• **TASK DIRECTIONS**: Please copy the listing that follows exactly, leaving out any pictures.

• **DATA EXCERPT**:
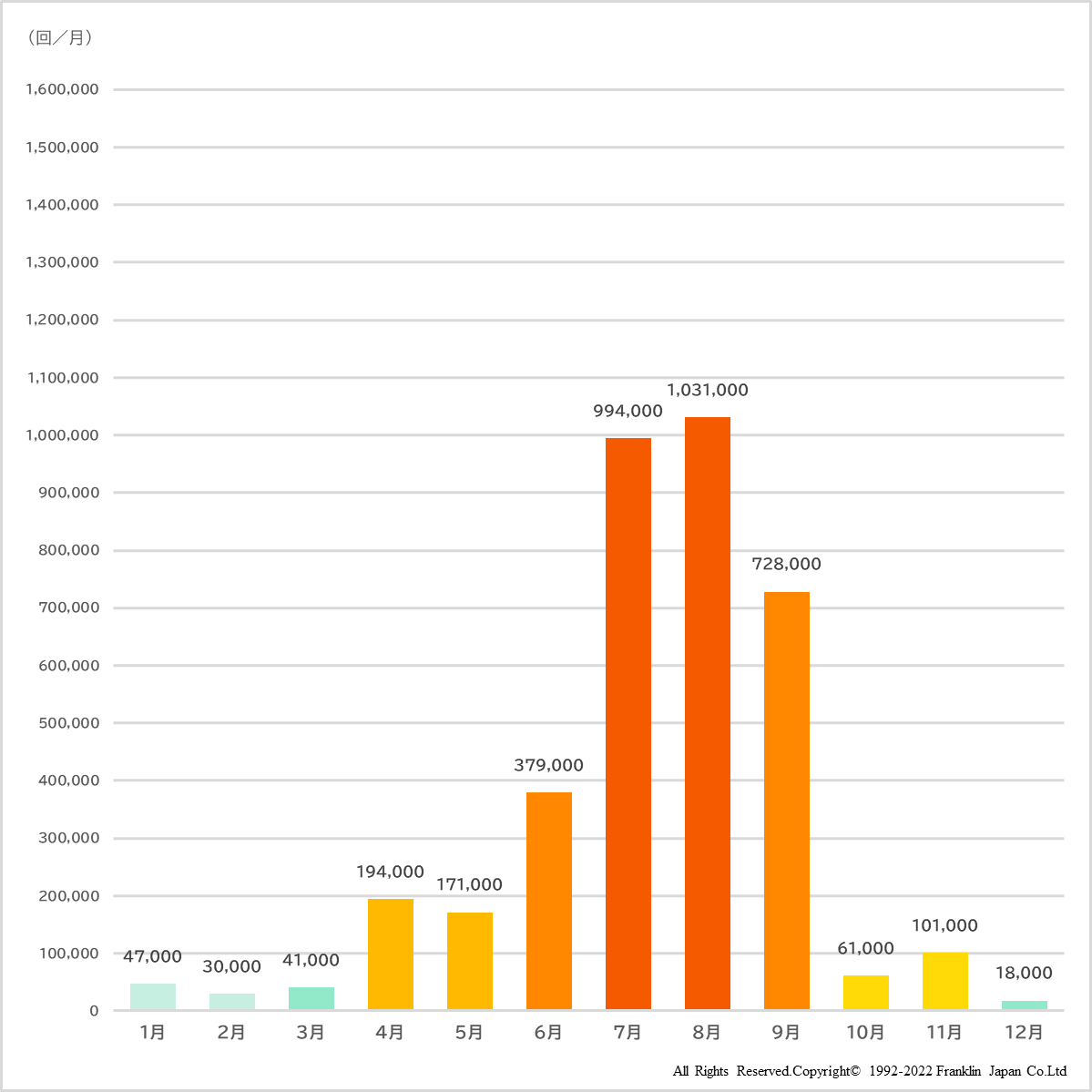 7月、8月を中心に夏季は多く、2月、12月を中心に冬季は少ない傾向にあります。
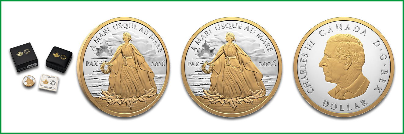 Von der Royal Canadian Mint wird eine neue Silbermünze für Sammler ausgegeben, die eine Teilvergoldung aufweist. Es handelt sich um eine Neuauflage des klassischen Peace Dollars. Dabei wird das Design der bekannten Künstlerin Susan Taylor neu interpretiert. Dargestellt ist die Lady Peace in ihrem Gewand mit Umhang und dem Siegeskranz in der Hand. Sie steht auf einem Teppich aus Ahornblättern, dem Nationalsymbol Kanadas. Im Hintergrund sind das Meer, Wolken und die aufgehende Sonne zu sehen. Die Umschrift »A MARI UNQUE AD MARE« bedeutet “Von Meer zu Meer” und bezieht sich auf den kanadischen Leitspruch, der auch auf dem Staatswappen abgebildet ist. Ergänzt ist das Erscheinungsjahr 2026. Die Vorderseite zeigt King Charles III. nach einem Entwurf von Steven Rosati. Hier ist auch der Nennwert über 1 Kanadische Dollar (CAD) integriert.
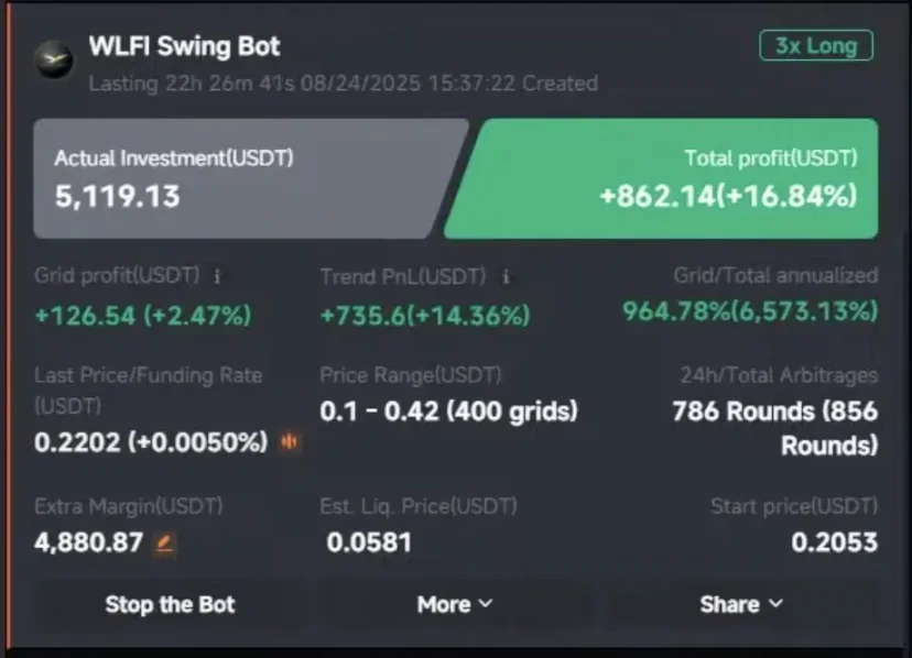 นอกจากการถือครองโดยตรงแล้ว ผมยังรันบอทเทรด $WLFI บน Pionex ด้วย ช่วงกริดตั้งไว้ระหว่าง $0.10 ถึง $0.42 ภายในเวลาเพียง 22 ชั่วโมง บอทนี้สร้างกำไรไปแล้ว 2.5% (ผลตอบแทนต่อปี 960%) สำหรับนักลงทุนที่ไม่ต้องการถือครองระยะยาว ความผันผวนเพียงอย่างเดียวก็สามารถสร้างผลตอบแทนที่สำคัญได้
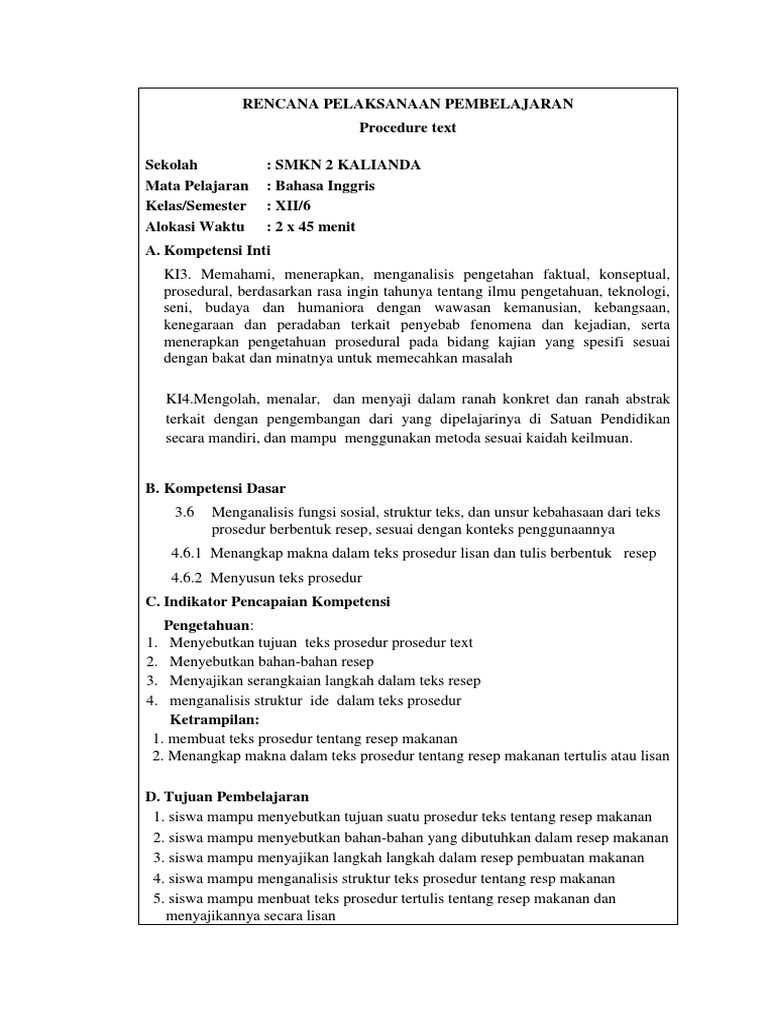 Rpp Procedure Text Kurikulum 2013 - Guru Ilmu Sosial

• **ANSWER TO THIS TASK**:
 7月、8月を中心に夏季は多く、2月、12月を中心に冬季は少ない傾向にあります。
 Von der Royal Canadian Mint wird eine neue Silbermünze für Sammler ausgegeben, die eine Teilvergoldung aufweist. Es handelt sich um eine Neuauflage des klassischen Peace Dollars. Dabei wird das Design der bekannten Künstlerin Susan Taylor neu interpretiert. Dargestellt ist die Lady Peace in ihrem Gewand mit Umhang und dem Siegeskranz in der Hand. Sie steht auf einem Teppich aus Ahornblättern, dem Nationalsymbol Kanadas. Im Hintergrund sind das Meer, Wolken und die aufgehende Sonne zu sehen. Die Umschrift »A MARI UNQUE AD MARE« bedeutet “Von Meer zu Meer” und bezieht sich auf den kanadischen Leitspruch, der auch auf dem Staatswappen abgebildet ist. Ergänzt ist das Erscheinungsjahr 2026. Die Vorderseite zeigt King Charles III. nach einem Entwurf von Steven Rosati. Hier ist auch der Nennwert über 1 Kanadische Dollar (CAD) integriert.
 นอกจากการถือครองโดยตรงแล้ว ผมยังรันบอทเทรด $WLFI บน Pionex ด้วย ช่วงกริดตั้งไว้ระหว่าง $0.10 ถึง $0.42 ภายในเวลาเพียง 22 ชั่วโมง บอทนี้สร้างกำไรไปแล้ว 2.5% (ผลตอบแทนต่อปี 960%) สำหรับนักลงทุนที่ไม่ต้องการถือครองระยะยาว ความผันผวนเพียงอย่างเดียวก็สามารถสร้างผลตอบแทนที่สำคัญได้
 Rpp Procedure Text Kurikulum 2013 - Guru Ilmu Sosial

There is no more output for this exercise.